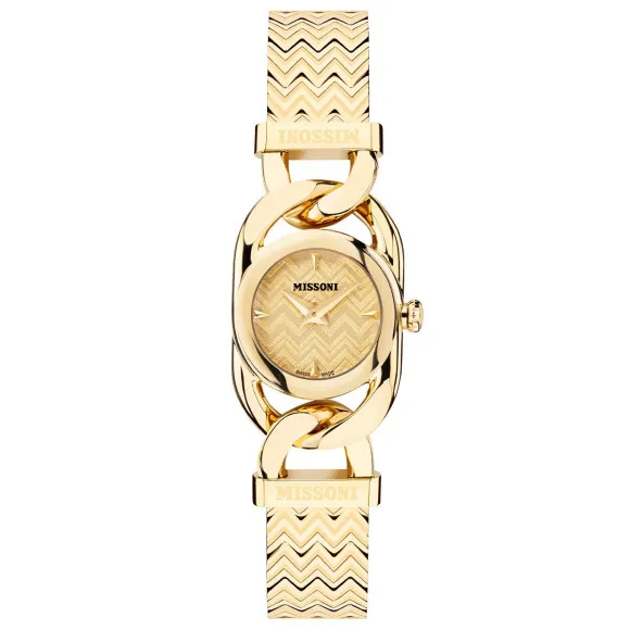 Introducing the Missoni® Analogue 'Gioiello' Women's Watch MWSL01022, a stunning accessory that embodies elegance and sophistication in every detail. This distinguished piece is crafted with a gold stainless steel case, featuring a round design with a 22mm diameter and an 8mm thickness, ensuring a delicate yet sturdy silhouette. The exquisite gold dial, protected by sapphire glass, radiates a luxurious glow and offers an effortless glimpse into time, boasting an analogue display that is both functional and chic. The watch is powered by a reliable quartz movement, ensuring precise timing while maintaining a timeless aesthetic. The gold stainless steel band stretches out to 19cm, perfectly balancing comfort with style, while the 14mm width adds a refined touch. With a deployment clasp fastening, this watch is easy to wear, securely resting on your wrist. Designed for the modern woman, the Missoni® 'Gioiello' is not just a timepiece but a statement of taste and luxury. It’s water-resistant up to 3 bars, making it versatile for various occasions, from elegant soirée to a casual brunch. This watch combines practicality with exquisite style, making it an ideal complement to any outfit, enhancing your overall elegance and completing your look flawlessly. Shop Missoni MWSL01022 at Ormoda
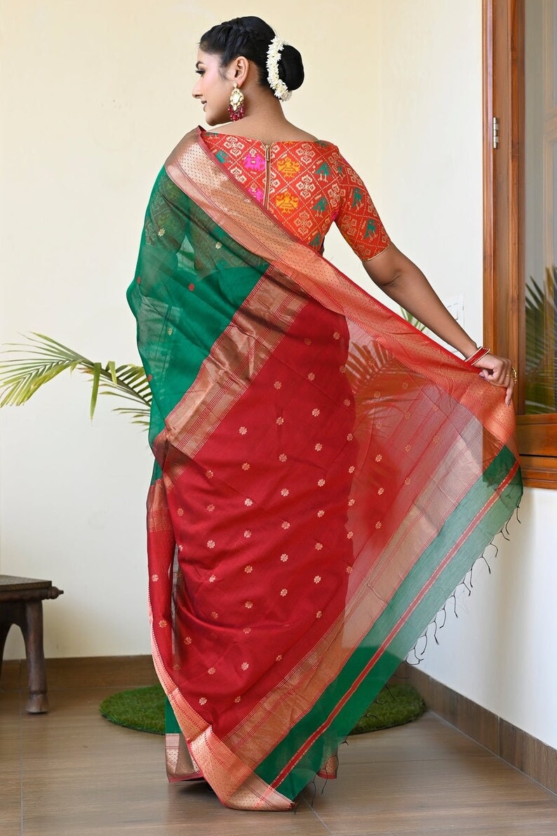 The Maheshwari Handloom Saree with Khatiya Zari Border and Buti Work is a stunning piece that beautifully showcases traditional craftsmanship. Crafted from premium handwoven fabric, this saree features intricate Khatiya Zari borders that add a touch of elegance and sophistication to the overall design. The delicate buti work, scattered across the saree, enhances its timeless appeal with its subtle yet intricate motifs.
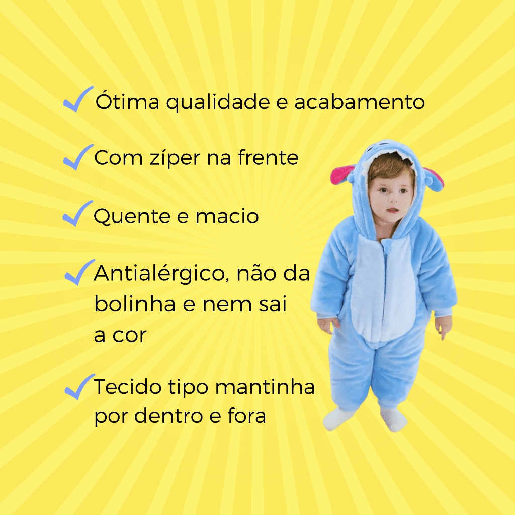 Macacão Bebê Bichinhos Inverno Lilo Stitch Peluciado - Envio Imediato
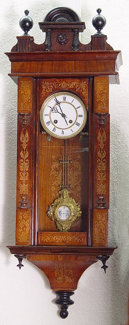 19TH C GERMAN REGULATOR CLOCK IN INLAY CASE: In good working order, enamel dial, key and ornate lady head masqueron pendulum. Ca. 1875-80. Approx. 36''h, x 13'' x 6''. Est. $400/500**
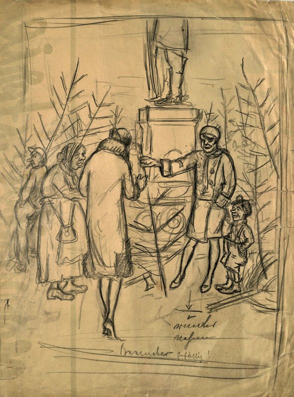Mit seinen Werbezeichnungen, Grafiken, Kinoreklamen, Dekorationsentwürfen, Karikaturen, illustrierten Geschichtchen, Gemälden und Postkarten hatte sich Jacob Thon nach dem Konkurs seiner Getreidegroßhandlung 1923 und dem darauffolgenden Aufbau eines Reklame-Ateliers schnell einen Namen gemacht. In seinem Nachlass finden sich daher einige Zeichnungen und Werbeentwürfe für Anzeigen zur Adventszeit. Hervor stechen darunter Bleistiftzeichnungen, die durchaus mit humoristischem Anklang Brauchtum, Ereignisse und Alltagsgeschehen in der Vorweihnachtszeit aufgreifen – wie der hier vorgestellte Weihnachtsbaumverkauf. (Franziska Blum-Gabelmann)
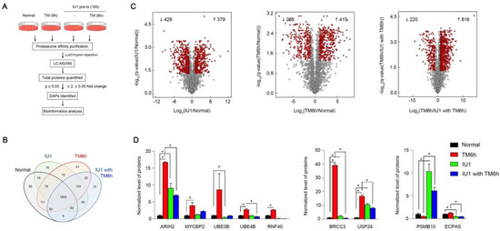 We turned our attention to the function of USP14 in the proteasomal dynamics during ER stress. The proteasome is a diverse, dynamic, and heterogeneous supramolecular complex. The proteomes and the function of the proteasome can dynamically change depending on cell or tissue type, subcellular localization, extracellular stimuli, and pathological context [27,28,29,30]. As proteasomes are highly conserved [29], to examine the proteasomal dynamics under conditions of ER stress, human proteasomes were affinity-purified from HEK293 cells expressing biotin-tagged human 4 subunits. We analyzed the composition of the proteasome subunits and associated proteins in cells with or without TM-induced ER stress using mass spectrometry-based label-free quantification (Figure 4A). In addition, we tested the effect of IU1, a potent inhibitor of USP14, on proteasomal reorganization in cells subjected to ER stress. In total, 2491 proteins (2190 in normal cells, 2266 in 293 cells treated with TM for 6 h, 2178 in 293 cells treated with IU1 for 10 h, and 2147 in 293 cells subjected to pre-treatment with IU1 for 10 h followed by 6 h of TM treatment) were identified (Supplementary Table S1). However, 135 proteins in total were identified at least once from each experimental condition (Figure 4B). According to our criteria (ratio ≥ 2, ≤0.5, and Benjamini‒Hochberg FDR ≤ 0.05), differentially associated proteins were analyzed between the two samples described in Figure 4C and Supplementary Table S1. A total of 703 proteins demonstrated a significant change in interactions with the proteasome following 6 h of TM treatment compared to before the treatment. Among them, we observed that the interactions of some E3-ubiquitin ligases and proteasome adaptors with the proteasome changed dynamically in response to ER stress (Figure 4C,D and Supplementary Table S1). Specifically, ubiquitinating enzymes such as ARIH2, MYCBP2, UBE3B, UBE4B, and RFN40, accumulated in the proteasome in response to ER stress (Figure 4D). In addition, deubiquitinases such as BRCC3 and USP24 also accumulated in the proteasome during the 6-h TM treatment (Figure 4D). In contrast, IU1 altered the interaction of proteins with the proteasome under conditions of ER stress (Figure 4C). While PSMB10 accumulated in the proteasome upon treatment with IU1, the amount of ECPAS associated with proteasome decreased significantly (Figure 4D). In addition, Gene Ontology (GO) analysis indicates that mitochondria and spliceosome related proteins dynamically interacted with the proteasome and the association of some ERAD components with proteasome changed under ER stress (Supplementary Table S2). Although the exact mechanism of association of these proteins with the proteasome under conditions of ER stress remains to be explored, we believe that the structure of the proteasome complex is dynamically altered in response to ER stress. This change helps the cells cope with ER stress by modulating the degradation of misfolded proteins via interaction with multiple proteins associated with protein degradation.

* _Exercise aim_
Your answer must be the full listing, word for word, minus any images.

* _Problem solution_
 Introducing the Missoni® Analogue 'Gioiello' Women's Watch MWSL01022, a stunning accessory that embodies elegance and sophistication in every detail. This distinguished piece is crafted with a gold stainless steel case, featuring a round design with a 22mm diameter and an 8mm thickness, ensuring a delicate yet sturdy silhouette. The exquisite gold dial, protected by sapphire glass, radiates a luxurious glow and offers an effortless glimpse into time, boasting an analogue display that is both functional and chic. The watch is powered by a reliable quartz movement, ensuring precise timing while maintaining a timeless aesthetic. The gold stainless steel band stretches out to 19cm, perfectly balancing comfort with style, while the 14mm width adds a refined touch. With a deployment clasp fastening, this watch is easy to wear, securely resting on your wrist. Designed for the modern woman, the Missoni® 'Gioiello' is not just a timepiece but a statement of taste and luxury. It’s water-resistant up to 3 bars, making it versatile for various occasions, from elegant soirée to a casual brunch. This watch combines practicality with exquisite style, making it an ideal complement to any outfit, enhancing your overall elegance and completing your look flawlessly. Shop Missoni MWSL01022 at Ormoda
 The Maheshwari Handloom Saree with Khatiya Zari Border and Buti Work is a stunning piece that beautifully showcases traditional craftsmanship. Crafted from premium handwoven fabric, this saree features intricate Khatiya Zari borders that add a touch of elegance and sophistication to the overall design. The delicate buti work, scattered across the saree, enhances its timeless appeal with its subtle yet intricate motifs.
 Macacão Bebê Bichinhos Inverno Lilo Stitch Peluciado - Envio Imediato
 19TH C GERMAN REGULATOR CLOCK IN INLAY CASE: In good working order, enamel dial, key and ornate lady head masqueron pendulum. Ca. 1875-80. Approx. 36''h, x 13'' x 6''. Est. $400/500**
Mit seinen Werbezeichnungen, Grafiken, Kinoreklamen, Dekorationsentwürfen, Karikaturen, illustrierten Geschichtchen, Gemälden und Postkarten hatte sich Jacob Thon nach dem Konkurs seiner Getreidegroßhandlung 1923 und dem darauffolgenden Aufbau eines Reklame-Ateliers schnell einen Namen gemacht. In seinem Nachlass finden sich daher einige Zeichnungen und Werbeentwürfe für Anzeigen zur Adventszeit. Hervor stechen darunter Bleistiftzeichnungen, die durchaus mit humoristischem Anklang Brauchtum, Ereignisse und Alltagsgeschehen in der Vorweihnachtszeit aufgreifen – wie der hier vorgestellte Weihnachtsbaumverkauf. (Franziska Blum-Gabelmann)
 We turned our attention to the function of USP14 in the proteasomal dynamics during ER stress. The proteasome is a diverse, dynamic, and heterogeneous supramolecular complex. The proteomes and the function of the proteasome can dynamically change depending on cell or tissue type, subcellular localization, extracellular stimuli, and pathological context [27,28,29,30]. As proteasomes are highly conserved [29], to examine the proteasomal dynamics under conditions of ER stress, human proteasomes were affinity-purified from HEK293 cells expressing biotin-tagged human 4 subunits. We analyzed the composition of the proteasome subunits and associated proteins in cells with or without TM-induced ER stress using mass spectrometry-based label-free quantification (Figure 4A). In addition, we tested the effect of IU1, a potent inhibitor of USP14, on proteasomal reorganization in cells subjected to ER stress. In total, 2491 proteins (2190 in normal cells, 2266 in 293 cells treated with TM for 6 h, 2178 in 293 cells treated with IU1 for 10 h, and 2147 in 293 cells subjected to pre-treatment with IU1 for 10 h followed by 6 h of TM treatment) were identified (Supplementary Table S1). However, 135 proteins in total were identified at least once from each experimental condition (Figure 4B). According to our criteria (ratio ≥ 2, ≤0.5, and Benjamini‒Hochberg FDR ≤ 0.05), differentially associated proteins were analyzed between the two samples described in Figure 4C and Supplementary Table S1. A total of 703 proteins demonstrated a significant change in interactions with the proteasome following 6 h of TM treatment compared to before the treatment. Among them, we observed that the interactions of some E3-ubiquitin ligases and proteasome adaptors with the proteasome changed dynamically in response to ER stress (Figure 4C,D and Supplementary Table S1). Specifically, ubiquitinating enzymes such as ARIH2, MYCBP2, UBE3B, UBE4B, and RFN40, accumulated in the proteasome in response to ER stress (Figure 4D). In addition, deubiquitinases such as BRCC3 and USP24 also accumulated in the proteasome during the 6-h TM treatment (Figure 4D). In contrast, IU1 altered the interaction of proteins with the proteasome under conditions of ER stress (Figure 4C). While PSMB10 accumulated in the proteasome upon treatment with IU1, the amount of ECPAS associated with proteasome decreased significantly (Figure 4D). In addition, Gene Ontology (GO) analysis indicates that mitochondria and spliceosome related proteins dynamically interacted with the proteasome and the association of some ERAD components with proteasome changed under ER stress (Supplementary Table S2). Although the exact mechanism of association of these proteins with the proteasome under conditions of ER stress remains to be explored, we believe that the structure of the proteasome complex is dynamically altered in response to ER stress. This change helps the cells cope with ER stress by modulating the degradation of misfolded proteins via interaction with multiple proteins associated with protein degradation.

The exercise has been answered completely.